Между тем время шло за полночь. Нам подали закусить. На прощанье хлопнула третья пробка. Мы крепко обнялись в надежде, может быть, скоро свидеться в Москве. Шаткая эта надежда облегчила расставанье после так отрадно промелькнувшего дня. Ямщик уже запряг лошадей, колоколец брякал у крыльца, на часах ударило три. Мы ещё чокнулись стаканами, но грустно пилось, как будто чувствовалось, что последний раз вместе пьём на вечную разлуку! Молча я набросил на плечи шубу и убежал в сани. Пушкин ещё что-то говорил мне вслед; ничего не слыша, я глядел на него: он остановился на крыльце со свечой в руке. Кони рванули под гору. Послышалось: «Прощай, друг!» Двери скрипнули за мною
Один з найдорогоцінніших скарбів сибірського засланця І. І. Пущіна
Сцена переменилась.
Я осужден: 1828 года, 5 генваря, привезли меня из Шлиссельбурга в Читу, где я соединился, наконец, с товарищами моего изгнания и заточения, прежде меня прибывшими в тамошний острог49. Что делалось с Пушкиным в эти годы моего странствования по разным мытарствам, я решительно не знаю; знаю только и глубоко чувствую, что Пушкин первый встретил меня в Сибири задушевным словом. В самый день моего приезда в Читу призывает меня к частоколу А. Г. Муравьёва50 и отдаёт листок бумаги, на котором неизвестною рукой написано было:
Мой первый друг, мой друг бесценный!
И я судьбу благословил,
Когда мой двор уединённый,
Печальный, снегом занесённый,
Твой колокольчик огласил.
Молю святое провиденье:
Да голос мой души твоей
Дарует то мне утешенье,
Да озарит он заточенье
Лучом лицейских ясных дней.
Отрадно отозвался во мне голос Пушкина! Преисполненный глубокой, живительной благодарности, я не мог его обнять, как он меня обнимал, когда я первый посетил его в изгнании. Увы, я не мог даже пожать руку той женщины, которая так радостно спешила утешить меня воспоминанием друга; но она поняла моё чувство без всякого внешнего проявления, нужного, может быть, другим людям и при других обстоятельствах; а Пушкину, верно, тогда не раз икнулось.

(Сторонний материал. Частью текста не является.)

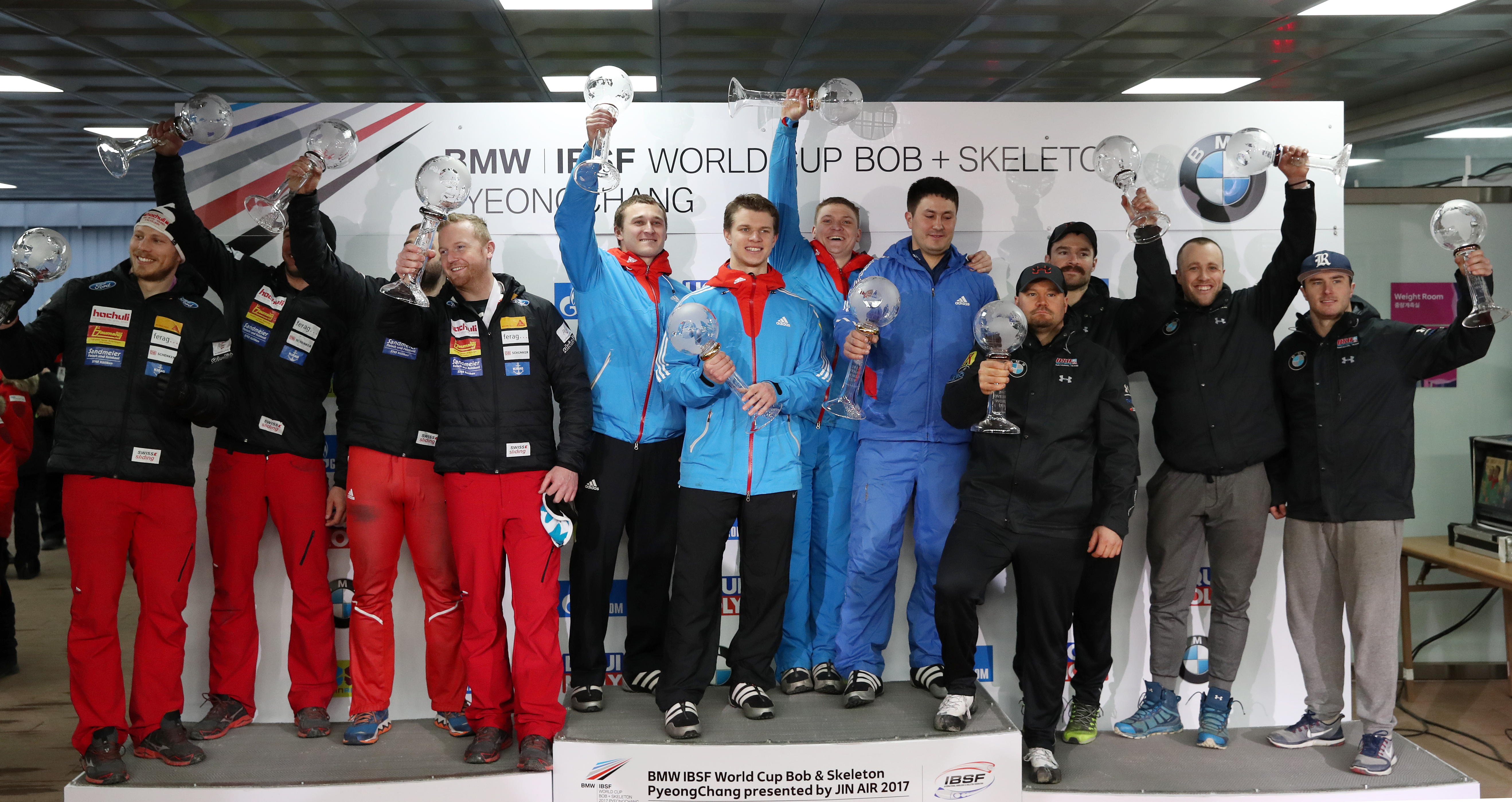 BMW IBSF World Cup Bob & Skeleton 2016/17 PyeongChang. 4-Man Bobsleigh WC Standings winners.

Наскоро, через частокол, Александра Григорьевна проговорила мне, что получила этот листок от одного своего знакомого пред самым отъездом из Петербурга, хранила его до свидания со мною и рада, что могла наконец исполнить порученное поэтом. По приезде моём в Тобольск в 1839 году я послал эти стихи к Плетнёву51; таким образом были они напечатаны; а в 1842-м брат мой отыскал в Пскове самый подлинник Пушкина, который теперь хранится у меня в числе заветных моих сокровищ.

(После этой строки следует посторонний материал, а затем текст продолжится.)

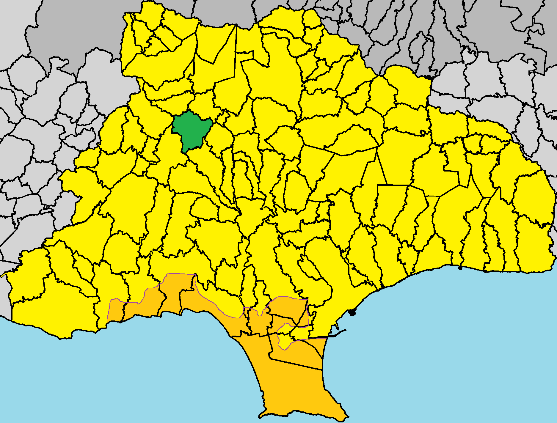 Koilani in Limassol District.

Наскоро, через частокол, Александра Григорьевна проговорила мне, что получила этот листок от одного своего знакомого пред самым отъездом из Петербурга, хранила его до свидания со мною и рада, что могла наконец исполнить порученное поэтом. По приезде моём в Тобольск в 1839 году я послал эти стихи к Плетнёву51; таким образом были они напечатаны; а в 1842-м брат мой отыскал в Пскове самый подлинник Пушкина, который теперь хранится у меня в числе заветных моих сокровищ.
В своеобразной нашей тюрьме я следил с любовью за литературным развитием Пушкина; мы наслаждались всеми его произведениями, являвшимися в свет, получая почти все современные журналы. В письмах родных и Энгельгардта, умевшего найти меня и за Байкалом, я не раз имел о нём некоторые сведения. Бывший наш директор прислал мне его стихи «19 октября 1827 года»:
Бог помочь вам, друзья мои,
В заботах жизни, царской службы.
И на пирах разгульной дружбы,
И в сладких таинствах любви!
Бог помочь вам, друзья мои,
И в счастье, и в житейском горе,
В стране чужой, в пустынном море
И в тяжких пропастях земли!
И в эту годовщину в кругу товарищей-друзей Пушкин вспомнил меня и Вильгельма, заживо погребённых, которых они не досчитывали на лицейской сходке.
Впоследствии узнал я об его женитьбе и камер-юнкерстве; и то и другое как-то худо укладывалось во мне: я не умел представить себе Пушкина семьянином и царедворцем; жена-красавица и придворная служба пугали меня за него. Всё это вместе, по моим понятиям об нём, не обещало упрочить его счастье.
Проходили годы; ничем отрадным не навевало в нашу даль там, на нашем западе, всё шло тем же тяжёлым ходом. Мы, грешные люди, стояли как повёрстные столбы на большой дороге: иные путники, может быть, иногда и взглядывали, но продолжали путь тем же шагом и в том же направлении
Между тем у нас с течением времени, силою самих обстоятельств, устроились более смелые контрабандные сношения с Европейской Россией кой-когда доходили до нас не одни газетные известия. Таким образом в генваре 1837 года возвратившийся из отпуска наш плац-адъютант Розенберг зашёл в мой четырнадцатый номер. Я искренно обрадовался и забросал его вопросами о родных и близких, которых ему случалось видеть в Петербурге. Отдав мне отчёт на мои вопросы, он с какой-то нерешительностью упомянул о Пушкине. Я тотчас ухватился за это дорогое мне имя; где он с ним встретился?
как он поживает? и проч. Розенберг выслушал меня в раздумье и наконец сказал:
Нечего от вас скрывать. Друга вашего нет! Он ранен на дуэли Дантесом и через двое суток умер; я был при отпевании его тела в Конюшенной церкви, накануне моего отъезда из Петербурга.